Experts have advised that centers wishing to offer therapeutic hypothermia outside RCTs should adhere strictly to a trial protocol and have established the substantial resources required to cool neonates with HIE. The minimum resources include a transport team to retrieve neonates and start cooling before four to six hours of life and a multidisciplinary team for long-term neurodevelopmental follow-up .

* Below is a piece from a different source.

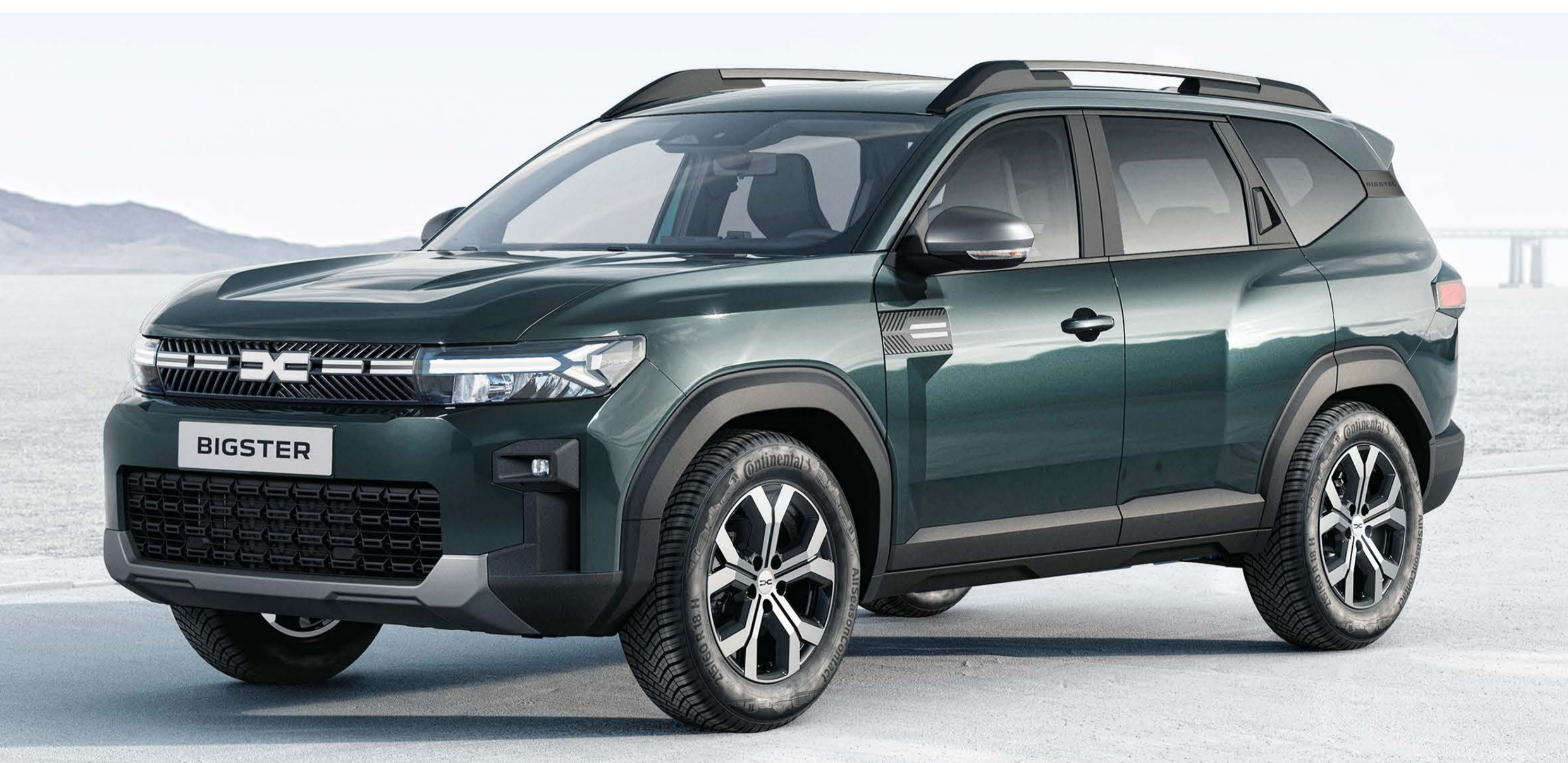
VERDE OXIDE (2)

At least three more RCTs of therapeutic hypothermia aiming at a combined total of over 650 neonates are currently in progress [38–40]. The long-term outcomes ≥ 18 months of age of the single trial with complete recruitment (according to the TOBY trial website) will not be ready for publication until end of 2008 at the earliest . Ideally it is preferable to include the long-term results of those ongoing studies in this systematic review to have definitive answers. However, those studies are not designed to answer all the unaddressed issues listed earlier, therefore waiting for their results is ethically complex. They may show beneficial effects of therapeutic hypothermia while narrowing the CI. In that case it is disturbing to think that while waiting for the CI to narrow the purists may have denied a beneficial intervention to neonates with HIE. Obviously ethics , resources, parents' wishes, and last but not the least, the anxiety related to future medicolegal challenges, will have to be balanced before deciding whether therapeutic hypothermia can be offered as a standard treatment for HIE. Continuing to participate in a trial of therapeutic hypothermia while offering it to neonates whose parents insist on it probably violates the principle of equipoise, the very justification for conducting a RCT.